Initializer expression on for-in syntax subject
Brendan Eich
brendan at mozilla.org
Fri Mar 14 22:20:22 PDT 2014
Peter van der Zee wrote:
>
> Which browsers currently don't accept this construct? I wasn't even
> aware that JSC didn't support it at some point.
>
Did anyone say JSC lacked support? I think KJS followed ES3, and this
was in the ES1 grammar, so I doubt it was never supported.
> Minifiers might rely on this construct. And perhaps some js1k entries,
> if that matters anything.
>
Extremely doubtful. It doesn't save anything. A minifier cannot count on
the loop iterating 0 times.
> Why is there a desire for banishment anyways?

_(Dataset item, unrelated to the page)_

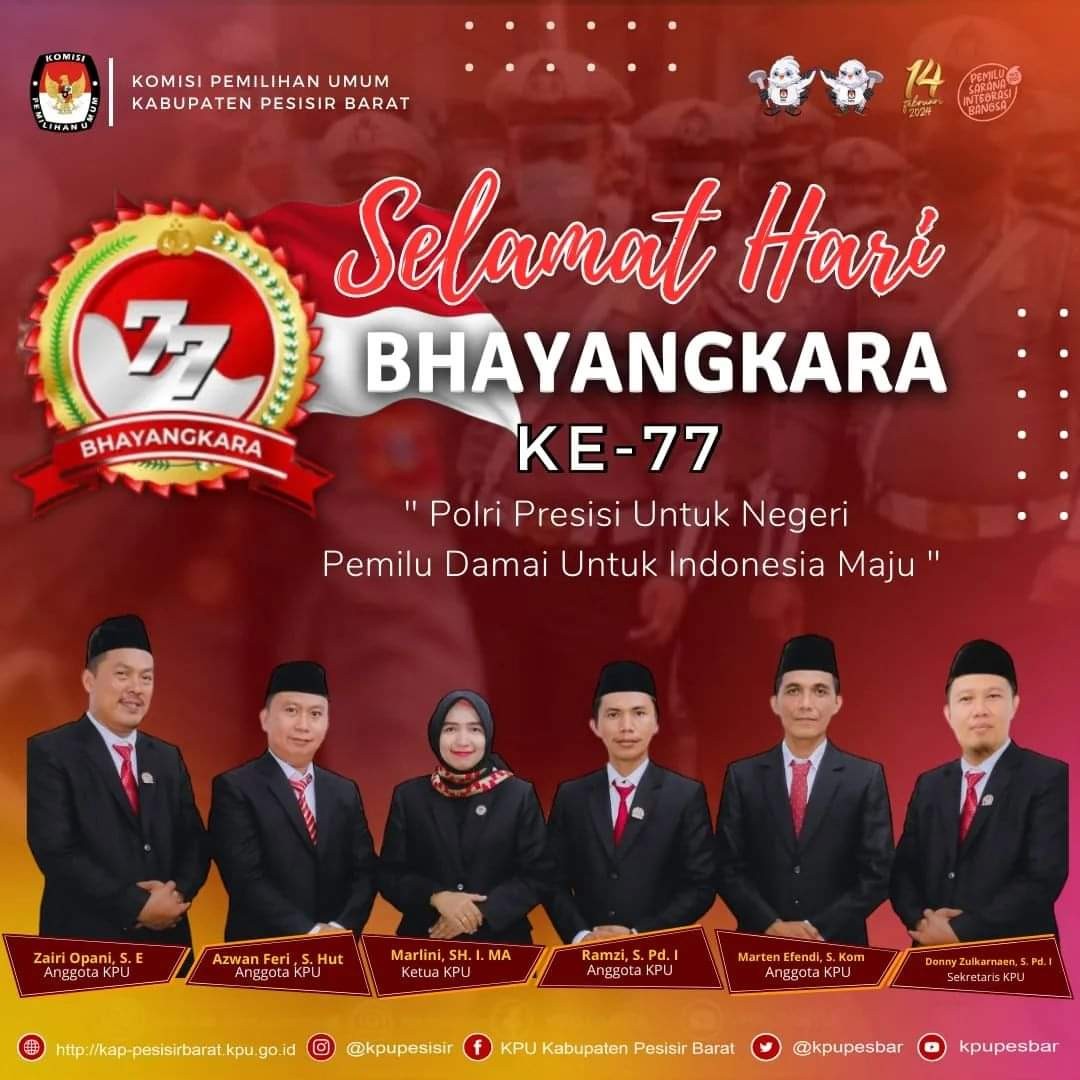 Komisi Pemilihan Umum Kabupaten Pesisir Barat mengucapkan Selamat Hari Bhayangkara ke-77 dengan tema "Polri Presisi untuk Negeri, Pemilu Damai Menuju Indonesia Maju"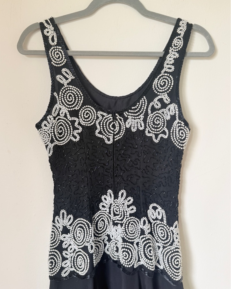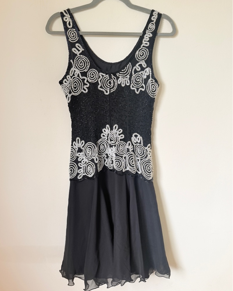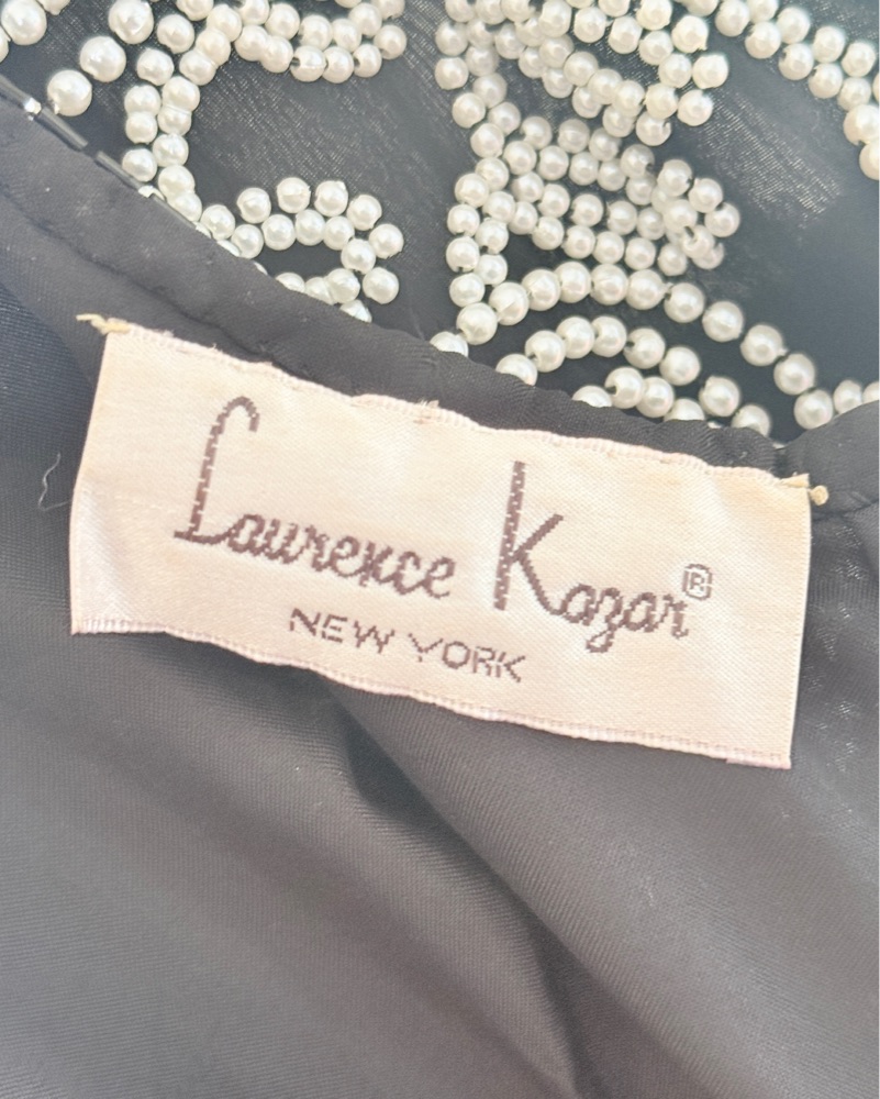 Stunning vintage Laurence Kazar New York cocktail dress featuring intricate hand-beaded pearl swirl detailing along the neckline and waist. Black silk shell with fully beaded bodice and flowing chiffon skirt. Approximate measurements: 16" bust, 12.5" waist, 15.5" hips, 38" length from top of shoulde

Only lack of consistency
> compared to not using the var keyword,
>
This is only about the 'var' case. The initialiser in 'for (var x = y in
z)' is due only to reuse of the wrong grammar nonterminal in ES1, based
on JScript de-facto non-standard behavior. It is a wart and a pain to
implement. We don't expect it to be hard to remove, unlike other warts,
but we'll find out.
> or was there a bigger problem with this? The thread comes out of the
> blue to me so I probably missed a prior discussion :)
>
ES6 revised the old grammar dating from ES1, breaking for(var x = y in
z). That was intentional and discussed in past meetings and threads.